▶ [Work to be completed]:
Locate "为进一步加强学生宿舍管理,引" in the listing. Transcribe the line that contains it and every line that follows, through the last, omitting all pictures.

▶ [Data supplied]:
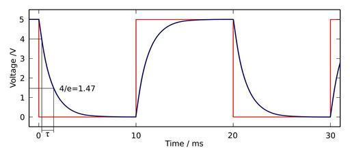 | Keywords: Capacitor Square wave charge-discharge.svg translation possible A diagram of the voltage across a capacitor and resistor blue during repeated charging-discharging by a square wave input voltage red with a period 20ms and a peak voltage of 5V The time constant <i> </i> is approximately 1 2ms Th Own drawing based on Lord Skunk's image Oszilloskopbild-Kondensator-Laden-und-entladen png 2006-11-26 inductiveload PD Capacitor Square wave charge-discharge de svg image Oszilloskopbild-Kondensator-Laden-und-entladen png Capacitor diagrams Waveforms Transverse wave |
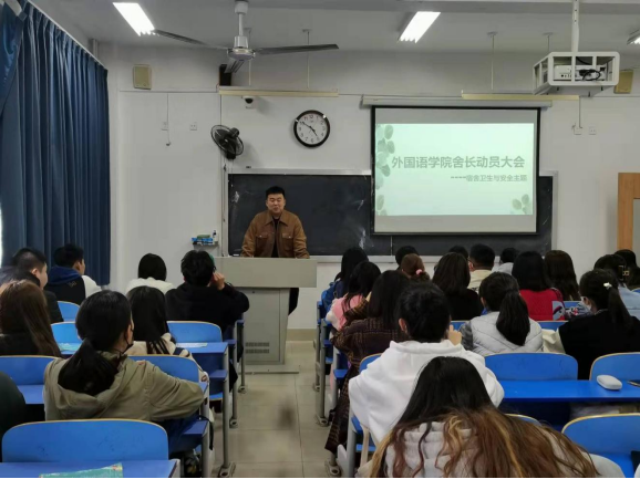 为进一步加强学生宿舍管理,引导学生养成良好的行为习惯,充分发挥宿舍育人功能,营造温馨、和谐、安全的学习生活环境,3月9日,外国语学院召开宿舍卫生安全教育大会暨优秀宿舍经验分享会。外国语学院辅导员、学院大自委生活部志愿者、部分舍长、班长参加会议。
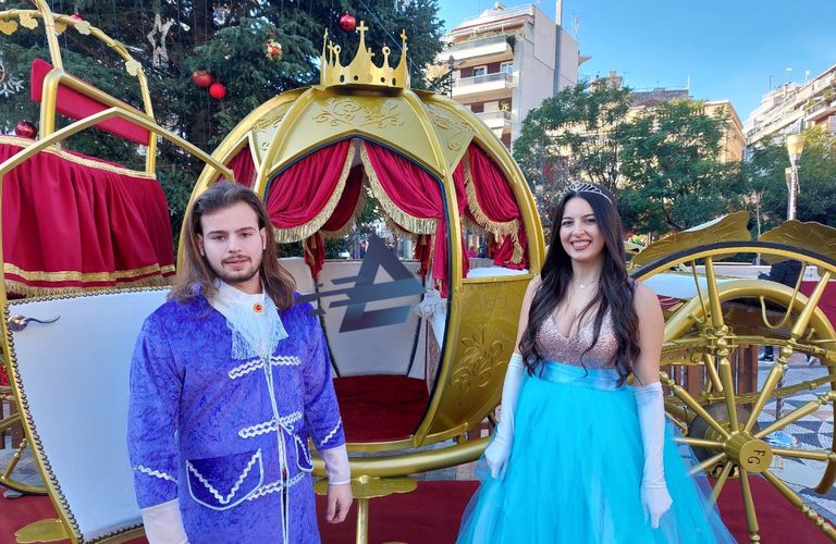 Στην Πλατεία Δημοκρατίας, δίπλα στο Xριστουγεννιάτικο Δένδρο, βρίσκεται από νωρίς το πρωί της Τρίτης, 27 Δεκεμβρίου 2022 η άμαξα της Σταχτοπούτας μαζί με έναν κουμπαρά για έναν σπουδαίο σκοπό.
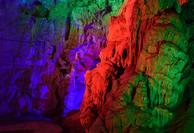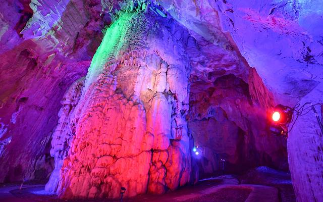 古潮音洞旅游风景区可以说是我们此行的最后一个景区了,它位于宜都市的聂家河镇,是由古潮音洞、渔洋河河休闲度假山寨组成的旅游风景区。除了有大型的石灰岩溶洞,景区内还有些许巴楚文化的痕迹,景区入口处的门头就是象征着楚文化的虎座凤架鼓。
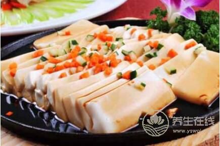 豆腐是大豆制成的,《神農本草經疏》記載大豆有補中益氣的作用,能有效地滋潤肺部,起到止咳作用。

▶ [Reply]:
 为进一步加强学生宿舍管理,引导学生养成良好的行为习惯,充分发挥宿舍育人功能,营造温馨、和谐、安全的学习生活环境,3月9日,外国语学院召开宿舍卫生安全教育大会暨优秀宿舍经验分享会。外国语学院辅导员、学院大自委生活部志愿者、部分舍长、班长参加会议。
 Στην Πλατεία Δημοκρατίας, δίπλα στο Xριστουγεννιάτικο Δένδρο, βρίσκεται από νωρίς το πρωί της Τρίτης, 27 Δεκεμβρίου 2022 η άμαξα της Σταχτοπούτας μαζί με έναν κουμπαρά για έναν σπουδαίο σκοπό.
 古潮音洞旅游风景区可以说是我们此行的最后一个景区了,它位于宜都市的聂家河镇,是由古潮音洞、渔洋河河休闲度假山寨组成的旅游风景区。除了有大型的石灰岩溶洞,景区内还有些许巴楚文化的痕迹,景区入口处的门头就是象征着楚文化的虎座凤架鼓。
 豆腐是大豆制成的,《神農本草經疏》記載大豆有補中益氣的作用,能有效地滋潤肺部,起到止咳作用。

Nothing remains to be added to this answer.